I'm doing a thermal physics problem and in the notes they do, for $x<<N$ this:
$$\ln\left(\left(\frac{N}{2}\right)^2-x^2\right)=\ln\left(\left(\frac{N}{2}\right)^2\right)+\ln\left(1-\left(\frac{2x}{N}\right)^2\right).\tag1$$
This is not obvious to me. First I thought they simply went like
$$\ln\left(\left(\frac{N}{2}\right)^2-x^2\right)=\ln\left(\left(\frac{N}{2}+x\right)\left(\frac{N}{2}-x\right)\right)=\ln\left(\frac{N}{2}+x\right) + \ln\left(\frac{N}{2}-x\right),$$
but this is not at all on the same form as $(1)$. Can someone explain the equation?

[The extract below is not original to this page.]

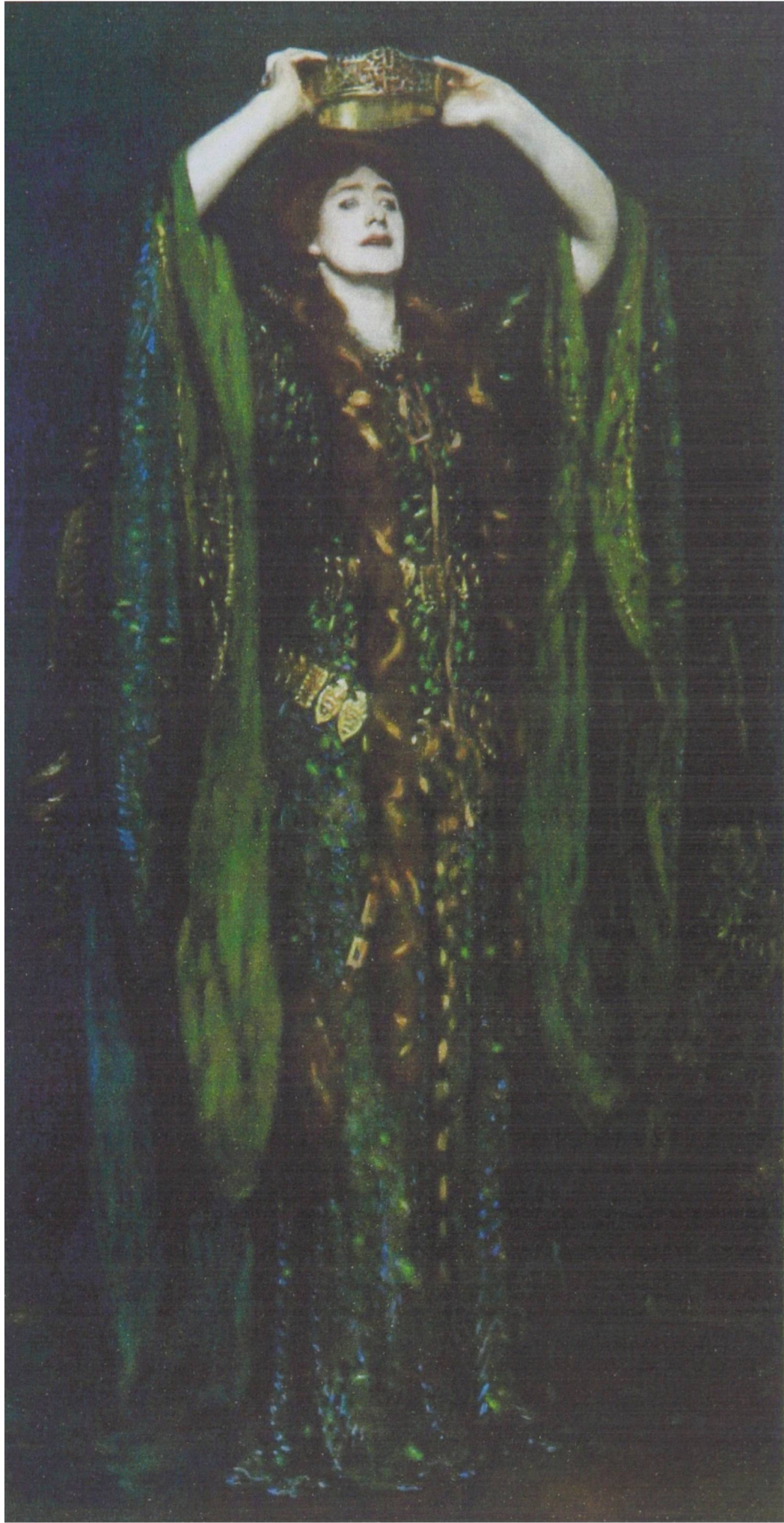
12. Ellen Terry as Lady Macbeth.

Observe that, by factoring out the left term, and then simplifying a bit,
$$\begin{align} \left( \frac{N}{2} \right)^2 - x^2 &= \left( \frac{N}{2} \right)^2 \cdot \left( 1 - \frac{x^2}{(N/2)^2} \right) \\ &= \left( \frac{N}{2} \right)^2 \cdot \left( 1 - \frac{4x^2}{N^2} \right) \\ &= \left( \frac{N}{2} \right)^2 \cdot \left( 1 - \left( \frac{2x}{N} \right)^2 \right) \end{align}$$
From here, you can use the property $\ln(ab) = \ln(a) + \ln(b)$ to get your desired result.